Anarchist Leanings? National Club

page 7

Anarchist Leanings? National Club

A very quiet gathering of National Club members met for their AGM recently. Business was conducted to the strains of anarchist inspired levity and sceptical interjections. A motion from Jonty Markham gave the National boys a chance to affiliate to the Royal Association of Anarchists; a move which no national member spoke against, but which was defeated fourteen votes to eight. Had liaison been better between the instigators of the motion and the extravites rehearsing next door, the national club may well have found its chances of affiliation with the national party, which it later resolved to do, frustrated.

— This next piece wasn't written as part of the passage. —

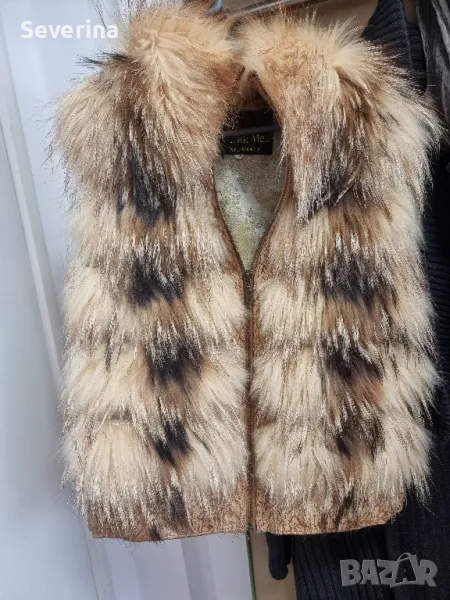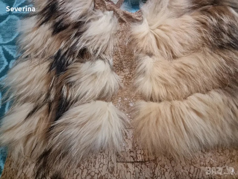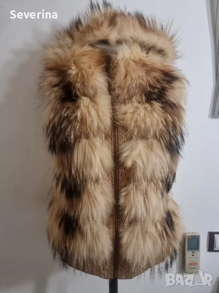 Невероятен елек, с естествен косъм от ракун,комбинация с естествена кожа,с качулка на неизвестния бранд Русский мех, Росссия,Москва.

During the course of the business, N. Robertson, who had been a member of the team which earlier in the year debated against the Labour club, expressed a desire that the new club would not become a typical National Club. He said that it should consider ways in which our country could be better governed."

Responsibility for the club's activities was given to the committee, under the Presidency of third year Political Science and Law student Alister Taylor. They were directed to set up policy discussion groups and organise functions.

Rowlands complained from the floor on the centralisation of power in the committee's hands, after it had had the nomination of conference delegates referred to it for consideration.

Rowlands, whose connection with the National Club was challenged by Taylor, later tilled out a form for prospective membership of the club, as did Markham.

After the AGM, the Director General of the National Party, Mr. Wilson, spoke on "The Appeal of Right Wing Politics". "People," he said, "are happier if they have a stake in the show. Affairs are better run by people if they get an extra bob or two. The Right," he continued, "tends to stress that property rights and freedom mean for a healthier and better society. The past," he claimed, "was felt by the true conservative to be the best guide to the future. The Left say, out the window with the past."

When he maintained that the Right wing was more prepared for defence, Rowlands asked, "Who are we defending ourselves ourselves against?" "The fact remains," Mr. Wilson replied, "that in this day if we don't defend ourselves someone is liable to step in."

Economics graduate Tony Ashenden inquired as to whether the National Party were going to continue their "running, jumping, standing still direction of the economy, the policy of the Yoyo." Upon clarification of the question to "Does the party intend continuing these yoyo policies?" Mr. Wilson replied, "Briefly yes—it is the pragmatism of the right." Ashenden stressed the significance of Mr. Nordmeyer's policy to provide for growth and planning of the economy, enunciated during the election.